Cenas de “Videodrome”, 1983

“Quero Ser John Malkovich” é um filme americano de 1999 dirigido por Spike Jonze. O filme conta a história de Craig Schwartz, um marionetista desempregado que arranja um emprego para sustentar sua família. Certa noite, enquanto trabalhava até tarde, ele encontra um portal que leva diretamente à cabeça do ator de Hollywood John Malkovich. Impressionado com a descoberta, conta a Maxine, colega de trabalho e pretendente de Craig, sobre sua maravilhosa experiência, e assim resolvem alugar a passagem para outras pessoas.
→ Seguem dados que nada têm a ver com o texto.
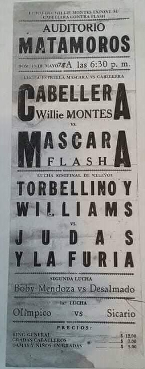 Indy (SAT) 05/13/1978 Auditorio Matamoros, Matamoros, Tamaulipas 1) OlĂmpico vs Sicario 2) Boby Mendoza vs Desalmado 3) Torbellino & Williams vs Judas & La Furia 4) Willie Montes vs Flash [hair, mask]

“Quero Ser John Malkovich”, 1999

Cenas de “Quero Ser John Malkovich”, 1999

“Cidade dos Sonhos” foi lançado em 2001 e dirigido por David Lynch. No enredo, nas avenidas de Los Angeles, verdade é mentira com ilusão. Em torno da indústria do cinema, personagens vivem suas fantasias surrealistas, desejos e esperanças frustradas, como a ingênua Betty (Naomi Watts), que chega do Canadá para se tornar atriz. Ela cruza com Rita (Laura Harring), que acaba de sofrer um acidente e sequer se lembra do seu próprio nome. Betty tenta ajudá-la a descobrir quem é. Em outra parte de Los Angeles, o diretor de cinema Adam Kesher está sendo convencido por dois estranhos irmãos, com pinta de mafiosos, a contratar uma atriz específica para seus filmes.

“Cidade dos Sonhos”, 2001

Cenas de “Cidade dos Sonhos”, 2001

Em 2009, o diretor britânico Terry Gilliam lançou o fantasioso e surrealista “O Mundo Imaginário do Doutor Parnassus”. No enredo, na Inglaterra dos dias atuais, o imortal e milenar doutor Parnassus, que comanda a companhia teatral “Imaginarium”, e integrada por um mágico de cartas, Anton, e um anão, Percy, oferece ao público um espetáculo irresistível através de um espelho mágico, um artefato que dá a seu usuário a chance única de viajar para um mundo fantástico e desconhecido, no qual é possível controlar a imaginação alheia. O poder que o doutor hoje possui lhe fora concedido em tempos remotos através de um pacto com o diabo.